INELIGIBILITY CRITERIA

- Subjects with serious concurrent infection or medical illness, which would jeopardize
the ability of the subject to receive the treatment outlined in this protocol with
reasonable safety, are ineligible.

- Subjects may not be receiving any other investigational agents or chemotherapeutic
agents other than temozolomide.

- Uncontrolled intercurrent illness including, but not limited to, hypertension, ongoing
or active infection, symptomatic congestive heart failure, unstable angina pectoris,
cardiac arrhythmia, or psychiatric illness/social situations that would limit
compliance with study requirements.

- Pregnant women or those who are breastfeeding are ineligible.

- Subjects with a history of known, active hepatitis are ineligible.

- Subjects with a screening QTc interval greater than or equal to 450 mSec for males,
470 mSec for females are ineligible.

- Subjects with a PR interval >250 mSec are ineligible.

- Subjects with a systolic blood pressure <100 mmHg at baseline are ineligible.

- Subjects taking any anti-arrhythmia medication other than beta-blockers or digoxin or
with a history (within six months) of myocardial infarction, unstable angina,
uncontrolled hypertension, or congestive heart failure are ineligible.

- Subjects with high grade (second degree or above) AV block or persistent sinus
bradycardia of less than 50 BPM are ineligible.

- Subjects who require a calcium channel blocker for blood pressure control and who
cannot be switched to an antihypertensive with an alternative mechanism of action will
be excluded from the study.
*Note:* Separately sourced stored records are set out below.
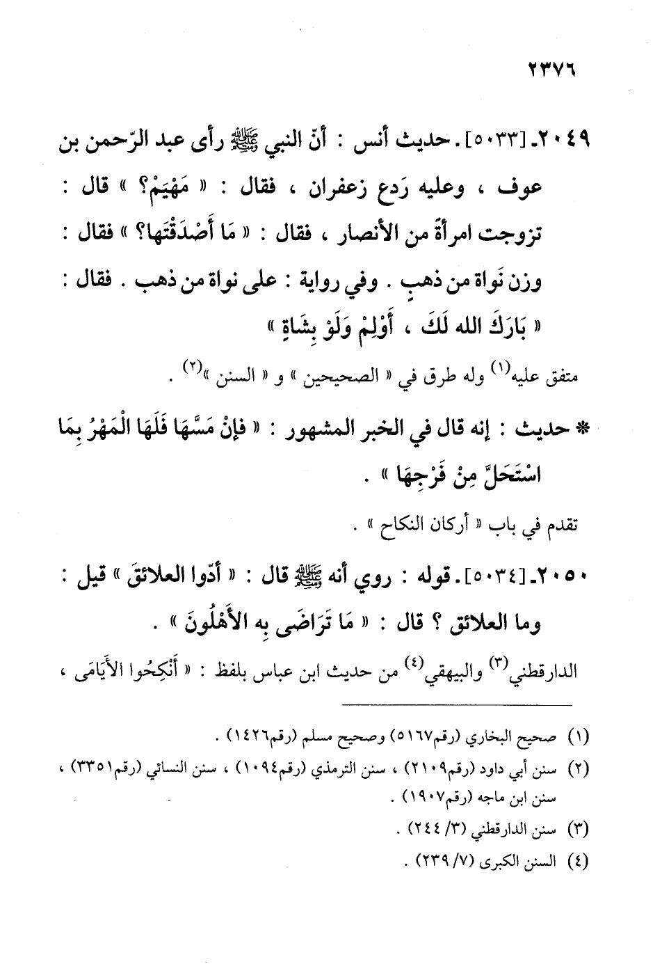 2049 - [5033]- حديث أنس: أنّ النبي - صلى الله عليه وسلم - رأى عبد الرّحمن بن عوف، وعليه رَدع زعفران، فقال: "مَهْيَمْ؟ " قال: تزوجت امرأة من الأنصار، فقال: "مَا أَصْدَقْتَها؟ " فقال: وزن نَواة من ذهب. وفي رواية: على نواة من ذهب. فقال: "بَارَكَ الله لَكَ، أَوْلمْ وَلَوْ بِشَاةٍ".
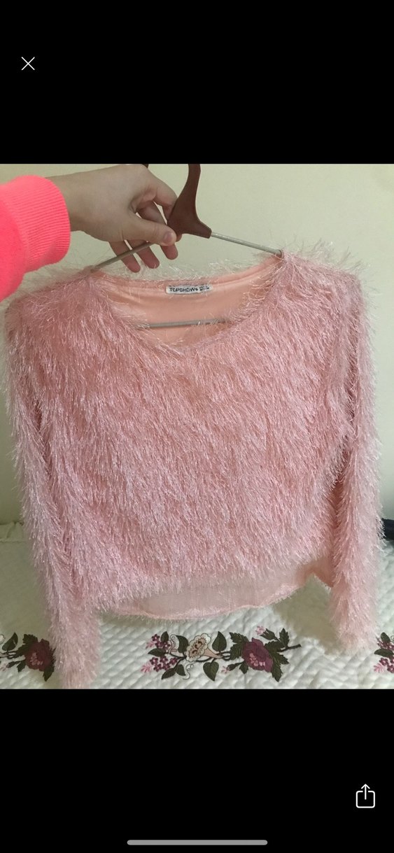 Pembe Uzun Kollu Tüylü Triko Kazak
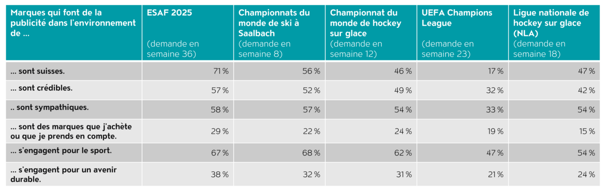 En ce qui concerne l’identité suisse, la FFLS 2025 se démarque avec 71% d’approbation. Avec 17%, la ligue des champions UEFA est considérée comme la moins suisse. Les associations avec la crédibilité entre les événements et les marques publicitaires sont les plus élevées dans l’environnement de la FFLS (57%), suivi des Championnats du monde de ski (52%) et les plus faibles dans la ligue des champions UEFA (32%).
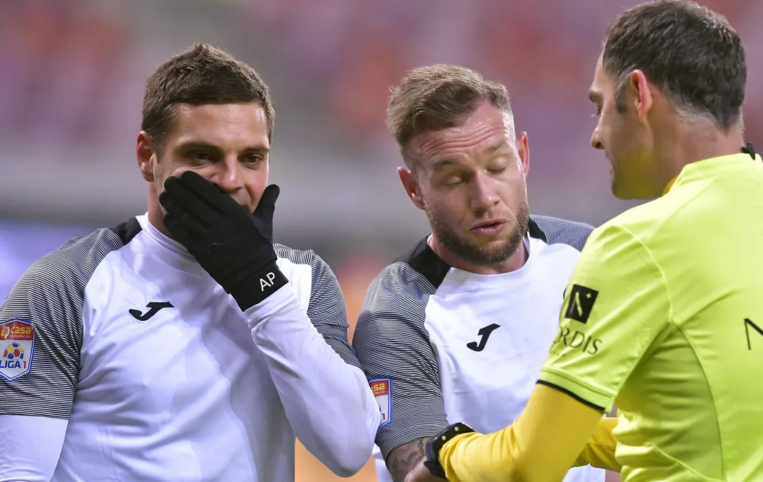 Arbitrul central Lucian Rusandu alaturi de Adrian Popa si Mathieu Thibault Gaetan Moulin in meciul de fotbal dintre FCSB si Academica Clinceni, contand pentru Liga 1 Casa Pariurilor, desfasurat fara spectatori pe Arena Nationala din Bucuresti, duminica 7 februarie 2021. © FOTO:Razvan Pasarica/SPORT PICTURES
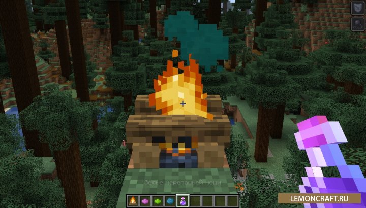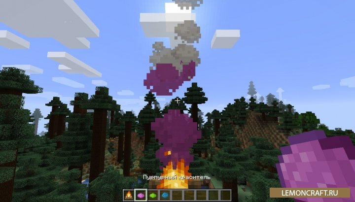 Мод на разноцветный дым Smoke Signal добавляет в игру возможность изменить цвет дыма от костра с помощью красителей. Для изменения цвета дыма возьмите краситель в руку и активируйте его нажав ПКМ по костру. Так же на костре можно применять различные зелья, эффект зелья будет распространяться в определенном радиусе от костра. Радиус распространения эффекта от зелий зависит от их уровня, для 1-ого уровня радиус равен 8 блокам, для 2-ого уровня - 16 блокам и так по нарастающей.
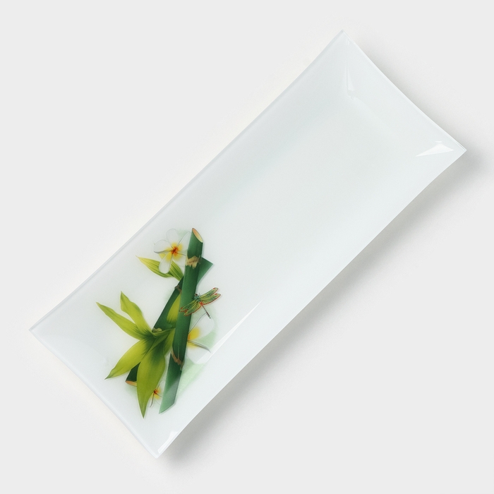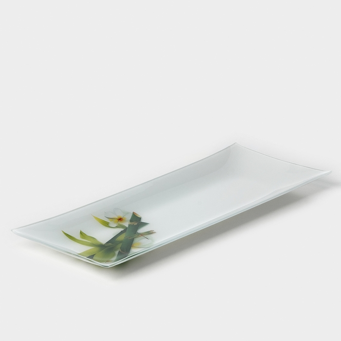 Блюдо стеклянное Доляна «Бамбук», 36,5×15 см, цвет белый
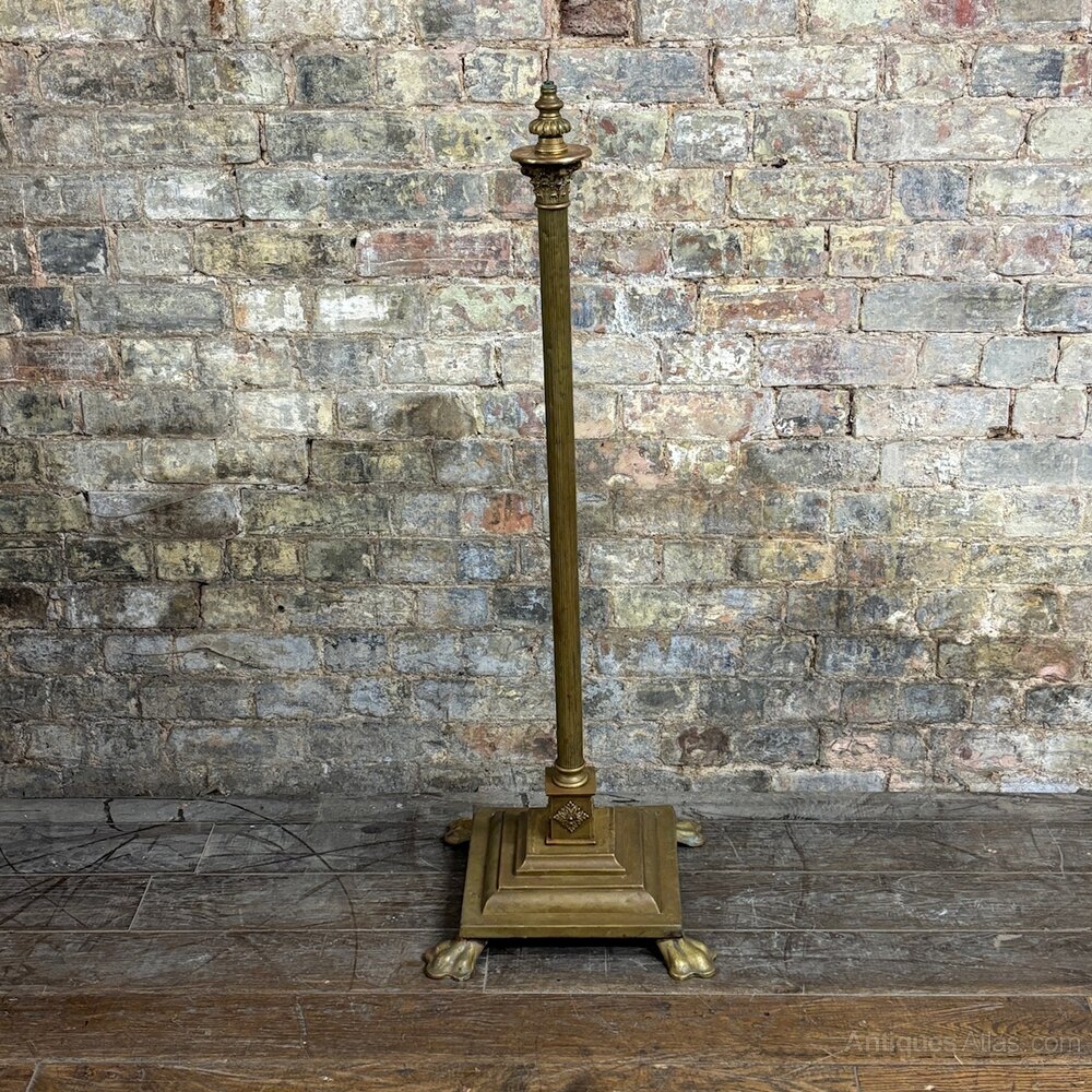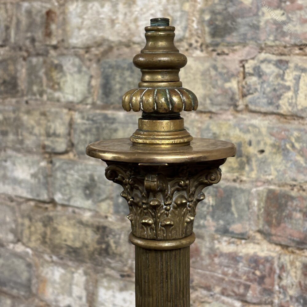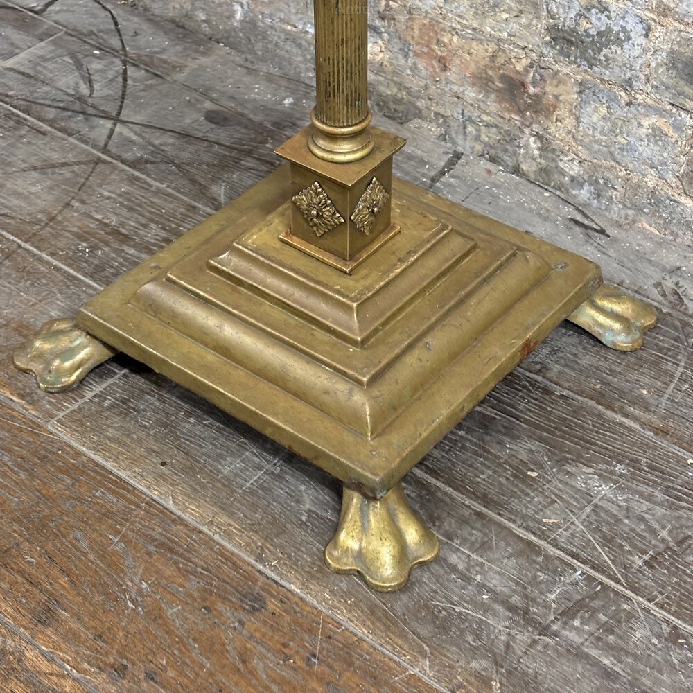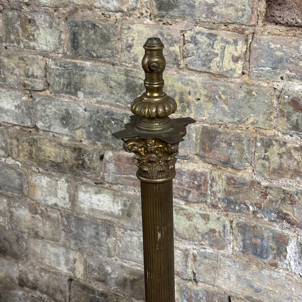 A striking Edwardian floor lamp base crafted from brass and bronze. The designed has been influenced by the neoclassical style, the fluted column is topped with a detailed Corinthian capital, resting on a stepped square base with claw feet.
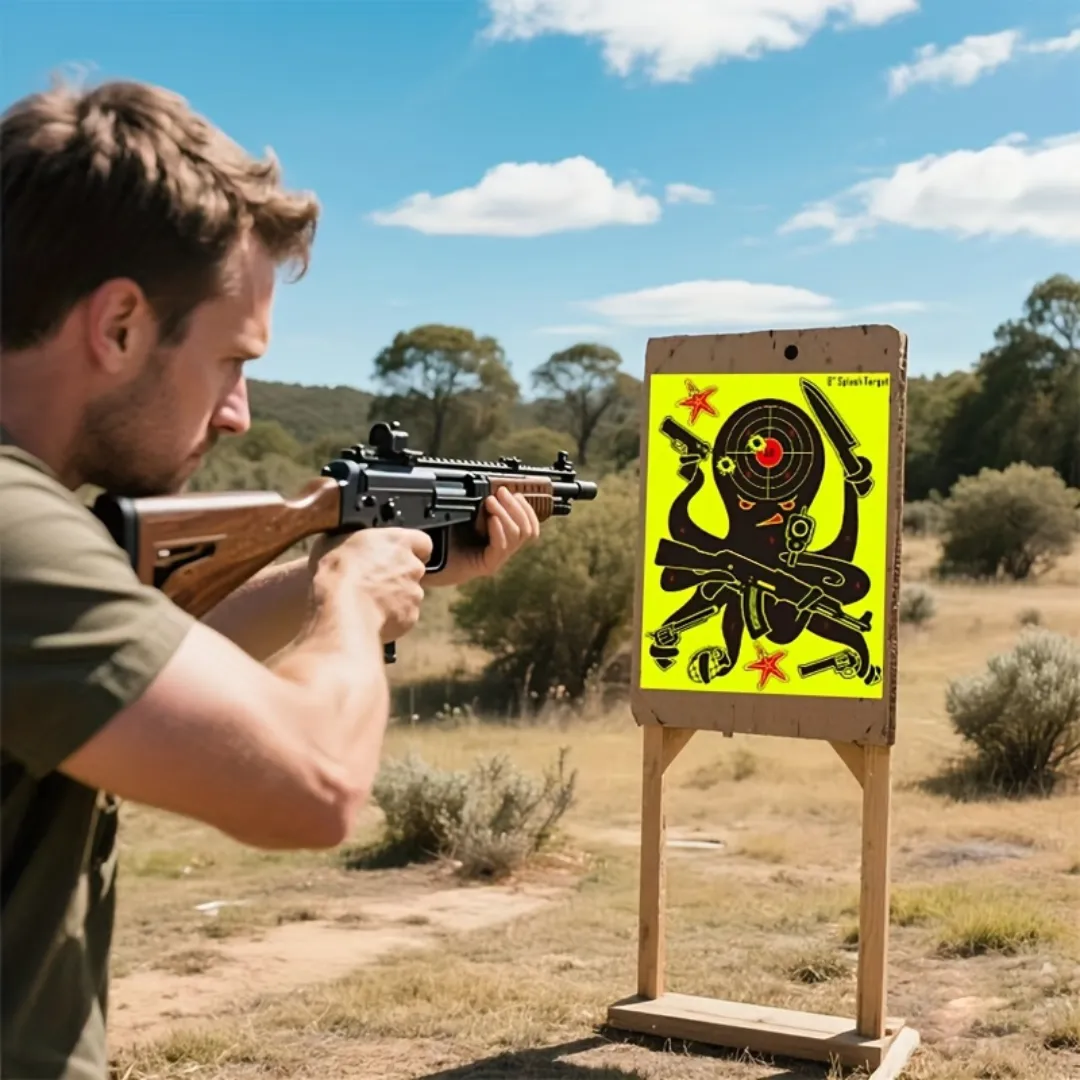 Cette cible inventive est parfaite pour agrémenter vos sessions de tir en extérieur ou en intérieur, ajoutant une touche de fun et de satisfaction visuelle.
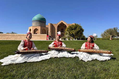 Бүгін халықаралық туризм күні! Мереке қарсаңында Қожа Ахмет Ясауи кесенесінің алдында 100 жетігенші өнерін көрсетіп, көпшілікті таңғалдырды. Олар келуші қонақтар мен зиярат етуші алаңда жетігеннің үнін көпшілікке тыңдатты.
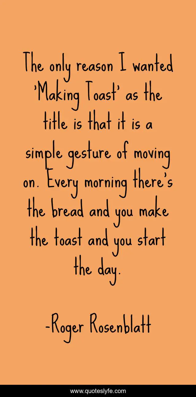 This page presents the quote "The only reason I wanted 'Making Toast' as the title is that it is a simple gesture of moving on. Every morning there's the bread and you make the toast and you start the day.". Author of this quote is Roger Rosenblatt. This quote is about simple, day, morning,.
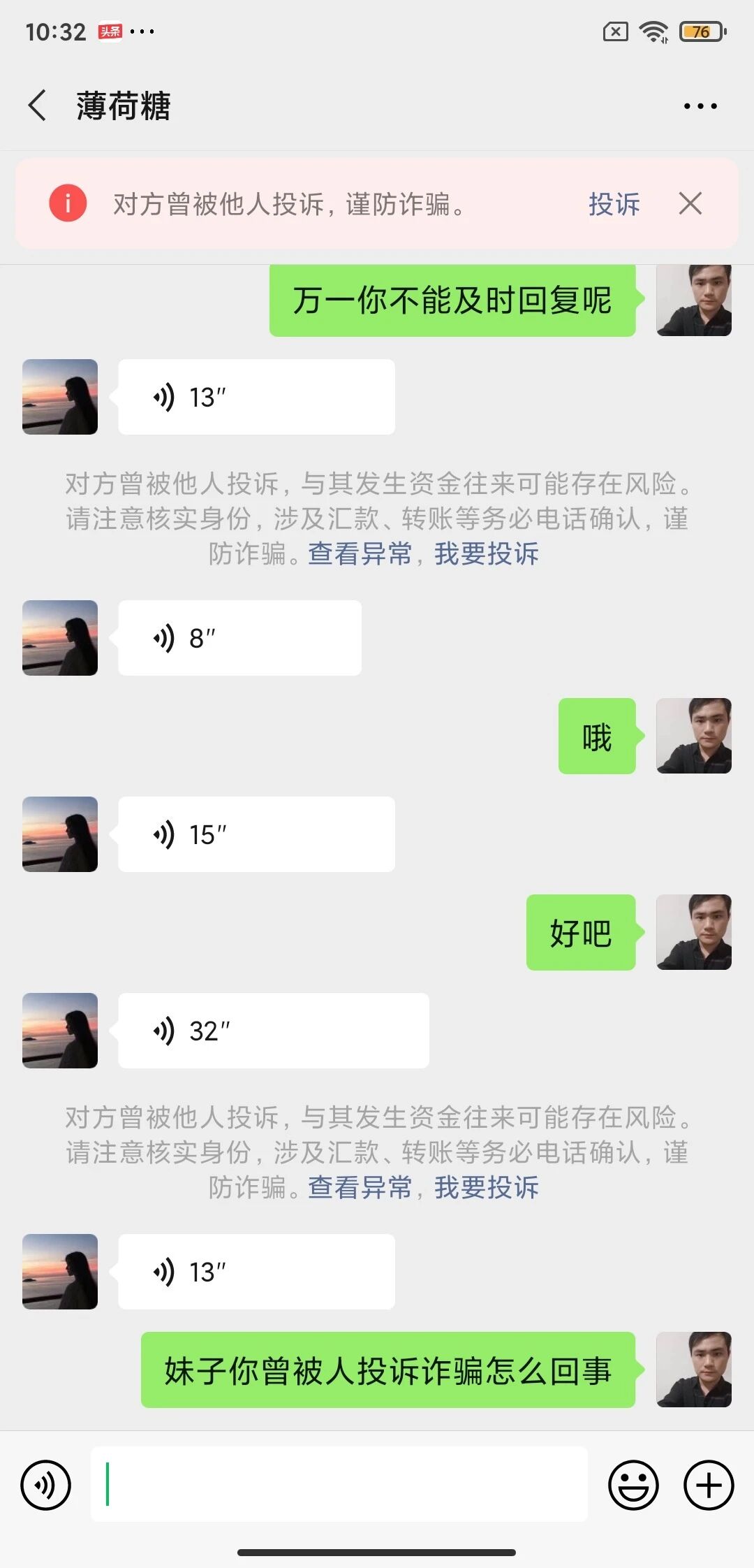 没错,对面那个人被投诉过。被系统标记了。
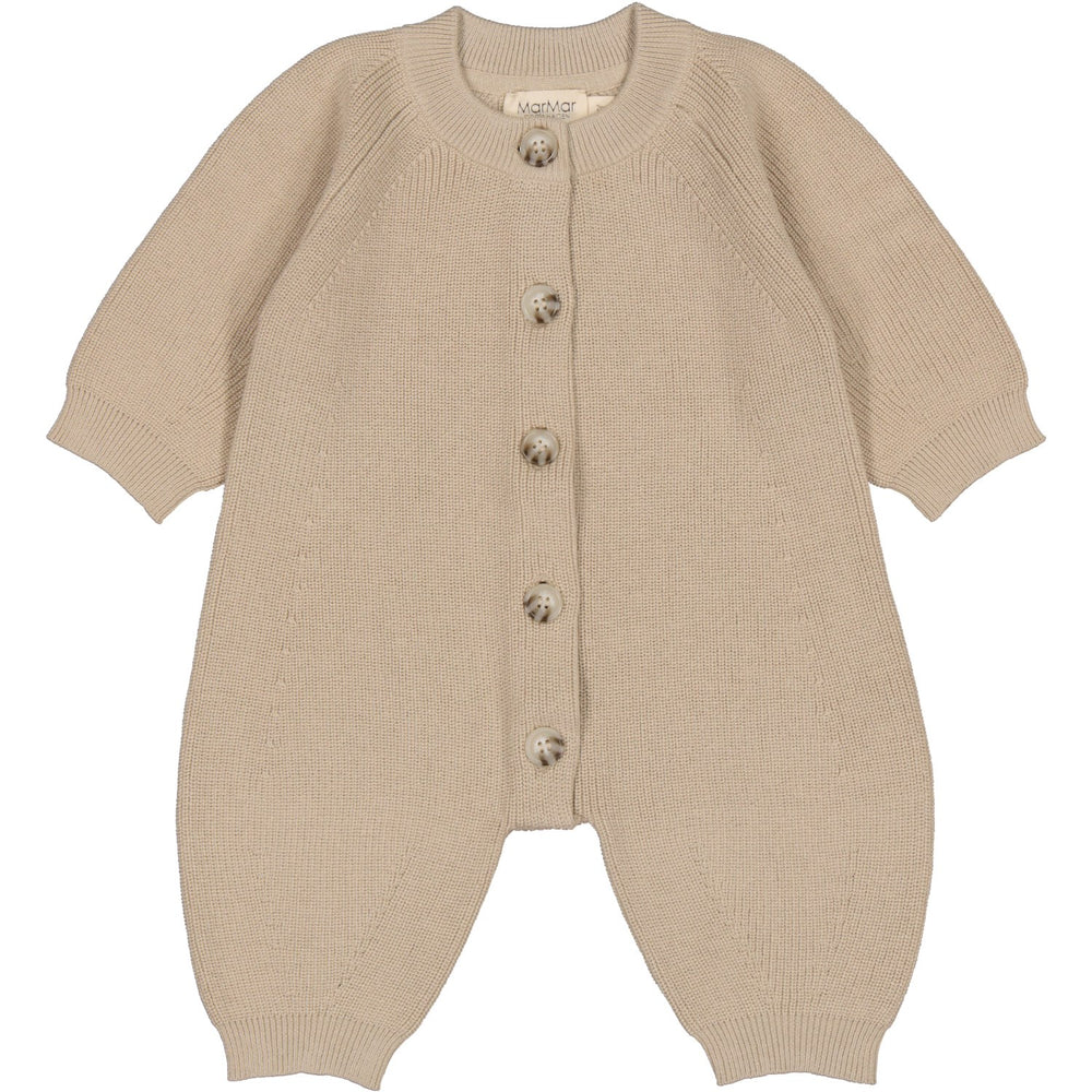 This lovely knitted suit from MarMar is the perfect mix of comfort and style for your toddler. With raglan sleeves and a practical button closure at the front, this one-piece is designed in a classic 100% cotton quality that ensures breathability and softness against sensitive skin. The fine one-piece knit gives the suit a timeless look, making it ideal for both play and rest time. A must-have in every little charmer's wardrobe!

Permitted anti-hypertensive medications include:

- chlorothiazide

- hydrochlorothiazide

- atenolol

- nadolol

- enalapril

- lisinopril,

- eprosartan

- irbesartan.

- Subjects cannot receive any statin while on trial except pravastatin.

- Subjects who require treatment with an H2 blocker, other than famotidine, are
ineligible. If the subject requires a proton pump inhibitor (PPI), then esomeprazole,
pantoprazole, or rabeprazole may be given.

- Known HIV-positive subjects are ineligible because of potential CNS conditions
associated with HIV and the possibility of unexpected drug-drug interactions.

- Subjects on enzyme-inducing anti-epileptic drugs (EIAEDs) are not eligible for
treatment on this protocol. Subjects previously treated with EIAEDs may be enrolled if
they have been off the EIAED for 10 days or more prior to the first dose of
mibefradil.

- Subjects taking an anticoagulant must use warfarin or a low molecular weight heparin.
Unfractionated heparin is not permitted. Appropriate monitoring of the effect of
anticoagulation is required by guidelines.

- All subjects who require drugs that are substrates of CYP 3A4, CYP 2D6, and CYP 1A2
are ineligible except for the ones that are explicitly permitted

- Subjects who require any drugs that are known to interact adversely with metabolism or
excretion of mibefradil are ineligible.

- Subjects who are taking and cannot discontinue over-the-counter (OTC) medications and
nutritional supplements, including herbal or "Chinese" medications are ineligible.